What you have to do
Working from the data below, write out exactly the lines from its first through the line that contains "責(zé)任單位:市工信委、", both ends included and pictures omitted.
(Given information)
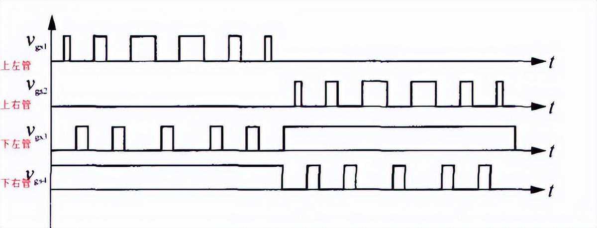 要说的是:现在的用单片机做的SPWM芯片,脉冲输出口一般只用二个口,分别输出二路极性相反的SPWM脉冲波,以单极性调制方式为例,送到H桥4个管子栅极的波形要求是如下图所示的。而要得到这四路波形,还要在芯片和H桥之间加入很复杂的时序电路和死区时间生成电路。单说这个时序电路,因其逻辑关系错综复杂,对于一般人看来,无所适从,除非是设计者本人,其他人是很难弄清楚其中的工作原理和时序关系的。
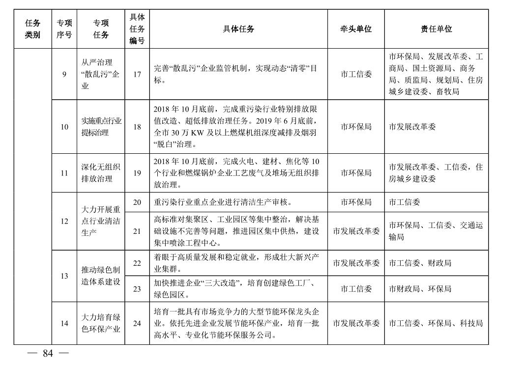 責(zé)任單位:市工信委、環(huán)保局、煤炭局,各縣(市、區(qū))人民政府(管委會)
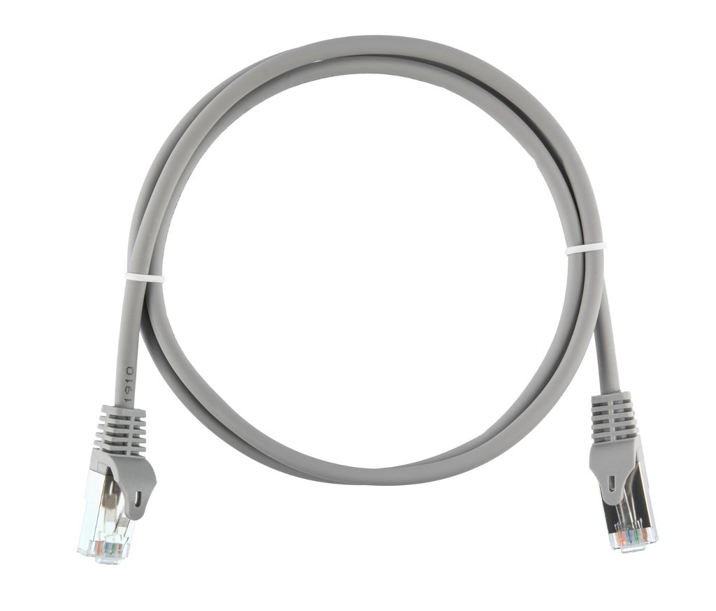 Коммутационный шнур F/UTP 4 пары, Кат.5е (Класс D), 100МГц, 2хRJ45/8P8C, T568B, заливной, с защитой защелки, многожильный, BC (чистая медь), 26AWG (7x0,150мм), LSZH нг(А)-HFLTx, серый, 3м
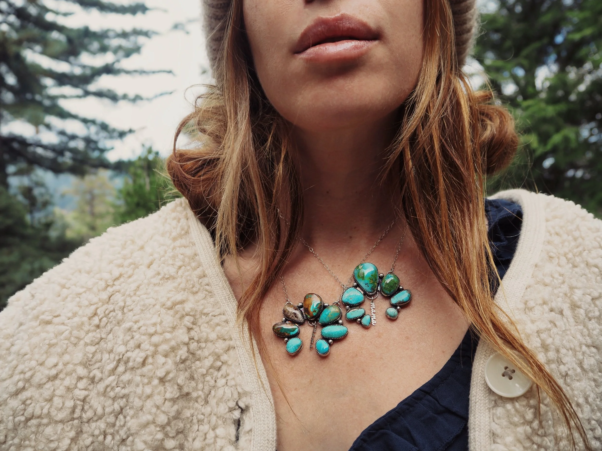 Custom Naja Lariat Necklace - This piece is made up of 8 different natural turquoise stones of your choice, we will create and pick out stones together . I have made a naja pattern with a dainty dangly turquoise stone hanging below, in a lariat design, on a sterling silver delicate thicker chain. These Stones are one of a kind, natural and vary in color and shape. I have stamped the back, patina, and polished your piece. Wear beautifully as a statement piece!
(End Given information)
Output below
 要说的是:现在的用单片机做的SPWM芯片,脉冲输出口一般只用二个口,分别输出二路极性相反的SPWM脉冲波,以单极性调制方式为例,送到H桥4个管子栅极的波形要求是如下图所示的。而要得到这四路波形,还要在芯片和H桥之间加入很复杂的时序电路和死区时间生成电路。单说这个时序电路,因其逻辑关系错综复杂,对于一般人看来,无所适从,除非是设计者本人,其他人是很难弄清楚其中的工作原理和时序关系的。
 責(zé)任單位:市工信委、環(huán)保局、煤炭局,各縣(市、區(qū))人民政府(管委會)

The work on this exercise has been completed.